New features of Snare Server v7.0 include:

• The base operating system has been upgraded to Ubuntu 14.04 LTS, from Ubuntu 10.04 LTS in v6. This provides significantly newer hardware support, and numerous fixes and optimisations within the base operating system.
• The Event Collection System has been through a major restructure, resulting in significant speedups, and associated jumps in events-per-second collection rates. In some cases this has introduced an improvement of up to 500%.
• The Monitor Live Data tool has been rebuilt to remove the confusion and ambiguity that existed with it in previous versions. It now monitors all incoming events, not just events on a specific port, and no longer has issues with fragmented packets and other networking challenges.
• The Snare Configuration Wizard has been updated to include the option to set the system-level Timezone. This removes the need to manually SSH into the Snare Server and run the timezone change command.
• The internal configuration database has been updated from SQLite2 to SQLite3. This introduces massive performance and stability enhancements into the configuration handling component.
• Extra statistics have been added to the System Status report, to aid in monitoring the status of the Snare Server.
• The Snare Update system has been completely rebuilt, to make the process a lot simpler and faster.
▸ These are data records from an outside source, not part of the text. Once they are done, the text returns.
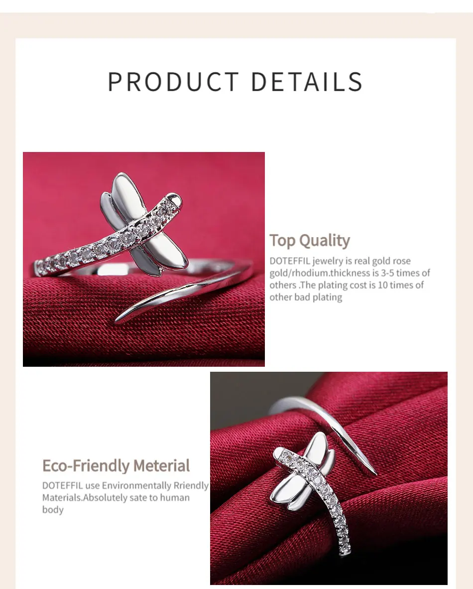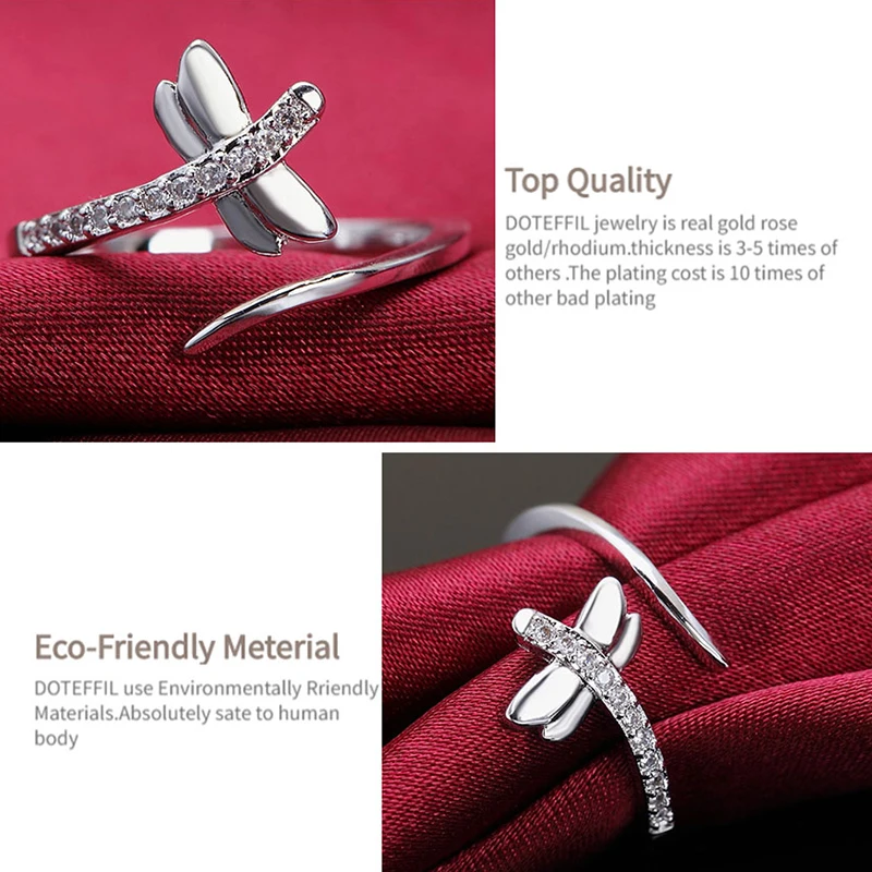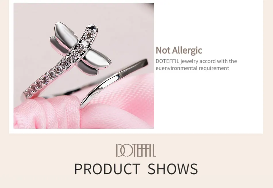 Женское Открытое кольцо DOTEFFIL, из стерлингового серебра 925 пробы, с цирконием ААА, модные свадебные вечерние ювелирные украшения для помолвки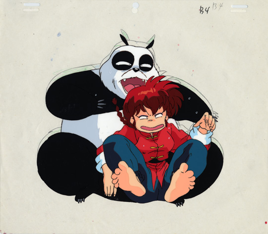 Ranma's mom, Nodoka Satome, draws a sword from its scabbard in response to Akane's question about whether Nodoka would insist on Genma and Ranma committing ritual seppuku if Genma failed to live up to his promise to make Ranma into a man among men. The punch line to this action is that Nodoka lets the sword slip from her grasp and it lands embedded in the floor in front of Ranko (Ranma-chan) and Genma panda. Here, in this cel, the sword is in the air and Ranma-chan and Genma panda are reacting in terror as the sword heads towards its final impact location in front of them between Ranma-chan's legs.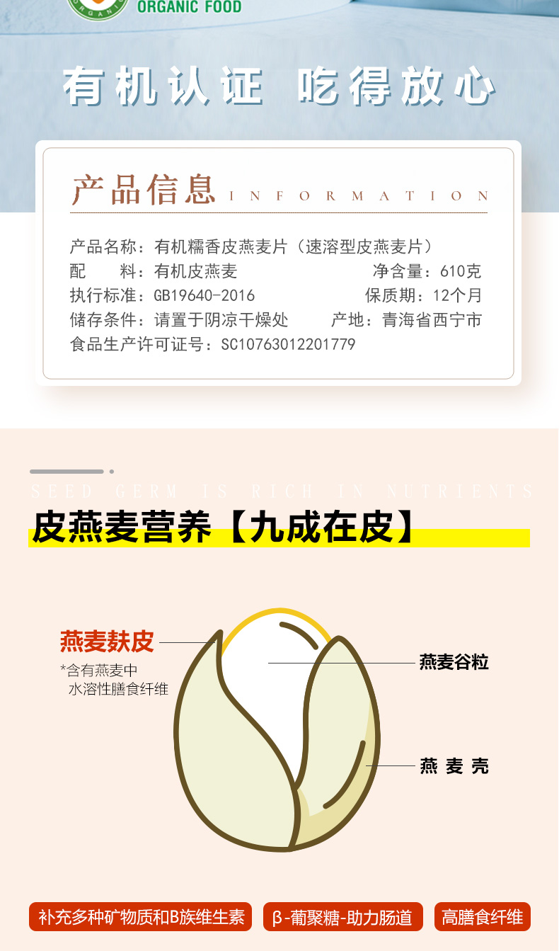 有机皮燕麦 610g 推荐人群:减肥、健身人群

Unlike the update process in the v6 release, v7 updates are completed in two steps: first the update file is verified, and after user confirmation, it is applied fully in the next step. There is no more need to click the ‘Next’ button through multiple steps. This should significantly reduce downtime during theupdate process. This new update system also includes a full update version history to keep a record of every update applied to the server.
• Upgraded the geographic IP address database to the GeoLite2 database available from MaxMind. This change brings a much greater accuracy in IP address lookups than was available in the legacy Snare Geographic IP Address Database. Upgrading to the full GeoIP2 database from MaxMind is available via a manual process in this release, with a user interface to be released in a future version.
• The current Snare Server License details have been added into a new section within the Health Checker. This should make it easier for customers to check their license details to aid in support requests and for internal tracking purposes.
• Cache selected downloadable objective clusters locally on the installed Snare Server, so that installations that do not have access to the Internet can install regulatory compliance (and related) objectives. These options have also been added into the Snare Configuration Wizard, to provide an introduction to the available options as part of the installation process.
• The Windows Users and Groups objective now imports Group information alongside Users when querying the provided Active Directory connection. This can be used in place of the Snare Agent group information import process.
• Added in new collection module to support Microsoft Exchange 2013, alongside the older Exchange formats.